I must say, too, that the tour itineraries need reviewing. There are simply too many non-essential games being played. There is no easy solution to the problems, of course, but one thing is sure: the mission of the Board must be to work continuously towards improving the standard of our cricket, and part of that must be a well-planned programme of events to keep our players motivated towards achieving excellence at Test Match level. This is a must, because success breeds success and Test Match success is the best success of all.

So, in my opinion, cutting back on Test Match cricket and excluding venues like Sabina Park and Bourda, which have traditionally supplied the West Indies with many great players, is not the way to go. Particularly at this time, when we may be witnessing the end of a great West Indies era.

Our dismal showing in last year’s World Cup and our extremely shaky victory in the pioneering Test against South Africa should send a signal to all of us that our cricketers are no longer riding the crest of the wave. We have not been able to fill the vacancies left by four very great fast bowlers-Roberts, Holding, Garner and Marshall. Nor have we been able to replace two great batsmen-Gordon Greenidge and Viv Richards-and an excellent wicket-keeper and batsman, Jeff Dujon.

Mind you, we have some super youngsters. Brian Lara is wonderfully flamboyant with a typical West Indian flair. Jimmy Adams too shows signs of being a solid batsman and a very studious cricketer, while Junior Murray seems to have what it takes to be successful behind the stumps.

But we need more youngsters to come shining through. Roland Holder must be given a chance in the middle order, and Dhanraj, the young Trinidadian leg-spinner, would surely add depth and variety to a pretty uninspired bowling attack. There’s no time like the present, and now is the time to rebuild the West Indies team.

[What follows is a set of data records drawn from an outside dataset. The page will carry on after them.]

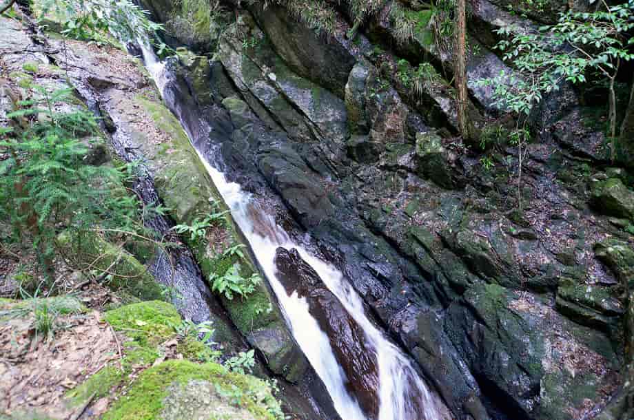 滋賀県甲賀市にある「白蛇の滝」は、信楽町神山地区を流れる大戸川の支流・神有川に流れ落ちている。 付近にある「鶏鳴の滝」などと共に「鶏鳴八滝」と呼ばれる内のひとつで、周辺は「鶏鳴の滝公園」としてよく整備されている。 白蛇の滝は、主瀑となる鶏鳴の滝の少し上流側にあり、10m程の落差はある。 段瀑のようでもあり、上段の部分は岩を深く削るように流れる斜瀑で、水は一気に流れ落ちている。 この部分の岩の様子には特徴があり、岩は長い板のようにも見えておもしろい。 下段部分では、小さな段瀑のようにもなっていて、深く見える滝壺をつくっている。 また、滝の名板は、下段の滝壺と思われる辺りに立てられているが、滝壺からの流れは、更に渓流滝をつくっている。 その下流側の渓流滝までを白蛇の滝としてとらえると、落差は10mを越えていて、長くて奥行きのある滝でもある。 いずれにしても、白蛇の滝は鶏鳴八滝の中でもやや違った景観をもっている。 「白蛇」の名前も妙を得ていて、全体の様子をうまく言い表している。 白蛇の滝への交通・アクセス さて、白蛇の滝は、「鶏鳴の滝公園」の中にあるが、そこまでの交通はそのページで紹介しているので、白蛇の滝は、公園の駐車場から遊歩道を歩いて行くと、5~6分程で滝前に着く。 他の滝と同様、近くには名板のタヌキの焼き物があるので見落とすことはない。 ただ、下流側にある鶏鳴の滝からすぐだが、ここまでの道はやや足元が悪いところもあるので、注意して進んで行く方がよい。 |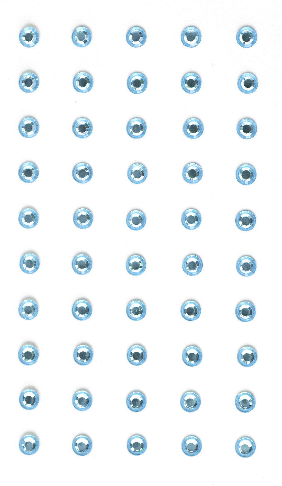 Smukke lyseblå rhinsten med facetslebet overflade og flad selvklæbende bagside. Perfekte til invitationskort, gavekort, æsker og utallige andre kreative dekorationer. 50 stk. pr. pakke.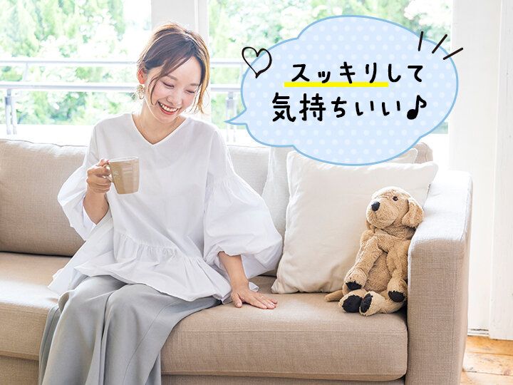 「掃除の前にスプレーするだけで、ソファやカーペットのハウスダスト対策ができてすっきりした気分に! 簡単なのにやりきった感があるから、家事の後のリラックスタイムも普段より心地よく感じますね」(榊山さん)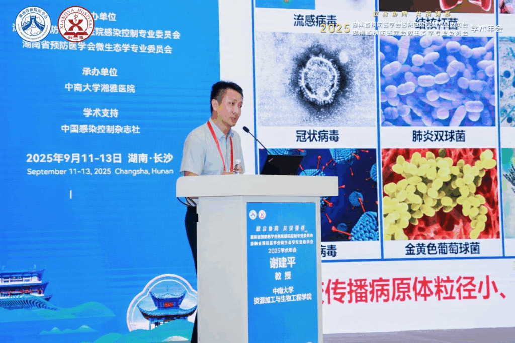 在主旨报告环节,瑞庭科技首席科学家、湖南省预防医学会微生态学专业委员会副主委、中南大学资源加工与生物工程学院谢建平教授作了题为《空气微生物的危害、检测与消杀》的专题报告。他系统分析了空气微生物对医疗环境的潜在风险,梳理了空气采样与消杀技术的发展脉络,并重点介绍了瑞庭科技所采用的“多因子协同催化消杀技术”。

We don’t only have our old foes (England, Australia, India and Pakistan) anxious to dethrone us; remember, there are some new kids on the block too, all hungry for our blood-Zimbabwe, Sri Lanka, and especially South Africa, who are making such a dramatic return to international cricket. This is a country rich in cricketing tradition with a strong and well-respected administrative body. I sincerely believe that, given time, South Africa will produce a fully integrated, multi-racial team which will set the pace for the rest of the world to follow. That is, if we don’t get our act together.

Let’s not make the same mistake we made in the 1960s when we were cock-a-hoop. We were pretty much invincible then too-until Charlie and Wes got a bit older, and Conrad, Seymour and Basil decided to call it a day.

What’s that old saying again? “The more things change … “?